Rather than coming up with general answers about your mathematics strengths and experiences to discuss in an interview, consider how your background applies to the role you are interviewing for and show why you are a great choice for this particular job.
Play Up Your Skills
One of the best aspects of earning a degree in math is the breadth and versatility of the subject. Unlike many other degrees – even math-related degrees, such as actuarial science and operations research – the curriculum of a math degree program does not revolve around getting one single type of job or passing a professional examination. Rather, it covers math subject matter – such as calculus, algebra and differential equations, the BLS reported – and a range of skills that you can use in many different careers.
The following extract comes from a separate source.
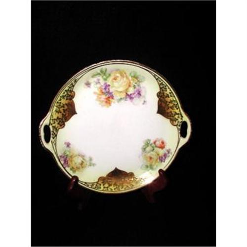 Hand painted double handled German plate C.1910-20 was made by the Three Crown China Company and bears the name,symbol and Germany along with the number 369/494/148 on the back. Yellow roses with purple violets contrast against an off white background. Three bronze color insets with gold smaller floral surround the rose motif. Outlined and edged in gold. Measures 7.75L X 7.25W X 1.25H. Excellent condition,no nicks,chips or cracks.Offers welcome.

Studying math can help you acquire skills such as quantitative reasoning and logical, analytical thinking, critical thinking and problem-solving. Employers in a wide array of industries respect the difficult nature of a college mathematics curriculum and value the skills graduates from such a program possess. The types of jobs you can do with mathematics degree are almost endless, including roles encrypting data sent over the Internet, streamlining technology used for entertainment purposes and compiling and analyzing the statistics of professional athletes.
Instead of worrying that your math background isn’t as relevant as another candidate’s narrower major, approach the interview with confidence. Tell your interviewer what skills you learned from studying math and how you have or would apply them in your work.
Know Your Worth
Math-related jobs often pay high salaries. The median wage for mathematicians is $103,010, according to the BLS. Actuaries also earn a six-figure median salary, $101,560, and operations research analysts make a median wage of $81,390.
Of course, new graduates of a math degree program can’t realistically expect to command these high salaries right off the bat. Entry-level wages for math majors often begin at around $50,800 for mathematicians, $49,300 for statisticians, $45,000 to $56,100 for actuaries, $48,500 for economists and $49,000 for computer information systems specialists.
Other factors besides how recently you finished school can play a role in your financial worth as an employee. Having a master’s degree in math, for example, can open up new career opportunities or increase your salary potential.